#### [TO DO]
The required result is an exact copy of every line from the one with "A bison and" through the last line below, with the pictures left out.

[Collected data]
☆ ☆ ☆ ☆

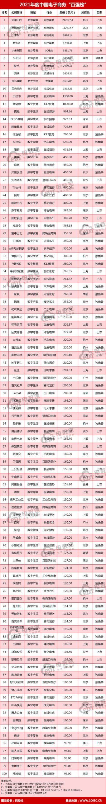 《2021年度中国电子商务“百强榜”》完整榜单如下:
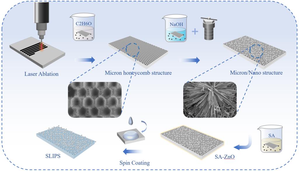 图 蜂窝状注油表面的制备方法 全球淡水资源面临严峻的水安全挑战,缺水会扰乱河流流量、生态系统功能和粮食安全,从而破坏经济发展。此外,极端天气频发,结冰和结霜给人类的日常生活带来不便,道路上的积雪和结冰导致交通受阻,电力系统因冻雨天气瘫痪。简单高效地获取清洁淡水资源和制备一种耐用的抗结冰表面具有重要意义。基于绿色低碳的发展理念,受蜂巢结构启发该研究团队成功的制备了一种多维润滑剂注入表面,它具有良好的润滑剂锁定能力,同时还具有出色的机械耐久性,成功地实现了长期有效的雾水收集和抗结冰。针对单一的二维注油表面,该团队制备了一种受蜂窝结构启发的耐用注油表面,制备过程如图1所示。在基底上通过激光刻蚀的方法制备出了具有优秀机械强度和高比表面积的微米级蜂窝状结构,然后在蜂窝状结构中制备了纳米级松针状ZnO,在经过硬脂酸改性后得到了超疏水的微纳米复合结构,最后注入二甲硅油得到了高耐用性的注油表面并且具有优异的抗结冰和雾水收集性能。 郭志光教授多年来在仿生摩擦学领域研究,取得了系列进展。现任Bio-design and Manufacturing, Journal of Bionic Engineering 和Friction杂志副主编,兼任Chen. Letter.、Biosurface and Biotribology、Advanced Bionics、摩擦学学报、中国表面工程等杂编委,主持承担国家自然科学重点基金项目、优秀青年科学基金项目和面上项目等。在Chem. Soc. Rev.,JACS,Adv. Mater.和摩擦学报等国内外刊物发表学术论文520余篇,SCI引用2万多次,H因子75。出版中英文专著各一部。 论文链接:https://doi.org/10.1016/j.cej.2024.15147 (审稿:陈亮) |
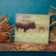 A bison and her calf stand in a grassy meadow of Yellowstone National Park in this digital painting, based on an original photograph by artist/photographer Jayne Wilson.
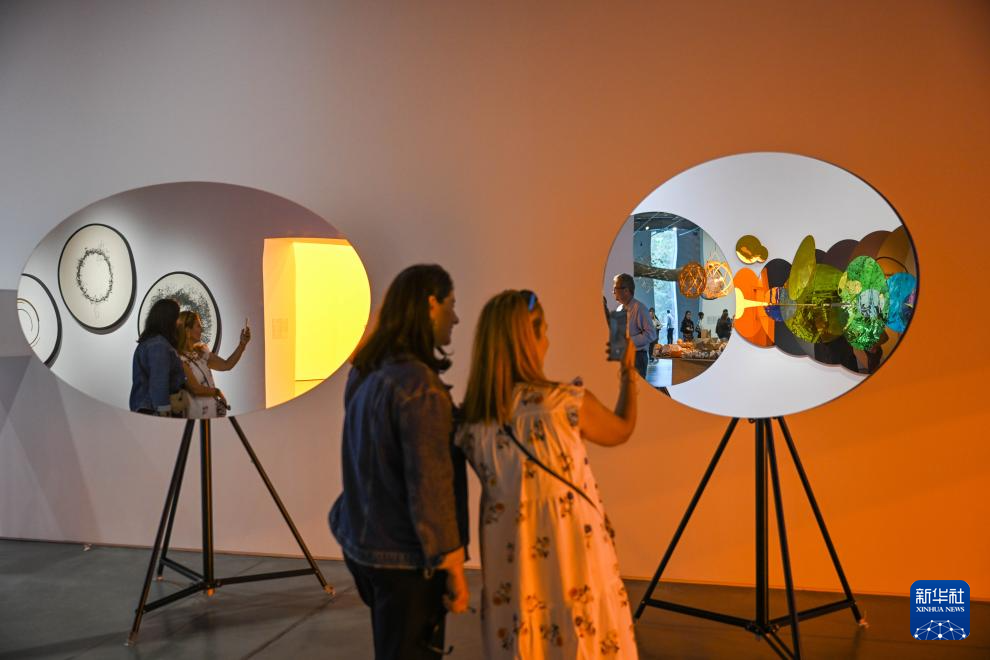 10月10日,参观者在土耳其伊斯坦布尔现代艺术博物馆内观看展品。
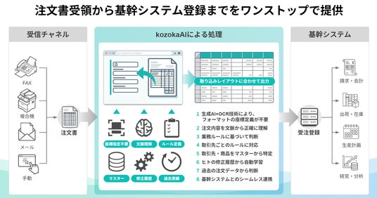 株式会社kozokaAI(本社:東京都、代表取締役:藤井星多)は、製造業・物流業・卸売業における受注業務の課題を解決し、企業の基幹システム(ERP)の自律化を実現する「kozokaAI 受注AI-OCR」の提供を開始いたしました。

☆ ☆ ☆ ☆

#### [EXPECTED ANSWER]
 A bison and her calf stand in a grassy meadow of Yellowstone National Park in this digital painting, based on an original photograph by artist/photographer Jayne Wilson.
 10月10日,参观者在土耳其伊斯坦布尔现代艺术博物馆内观看展品。
 株式会社kozokaAI(本社:東京都、代表取締役:藤井星多)は、製造業・物流業・卸売業における受注業務の課題を解決し、企業の基幹システム(ERP)の自律化を実現する「kozokaAI 受注AI-OCR」の提供を開始いたしました。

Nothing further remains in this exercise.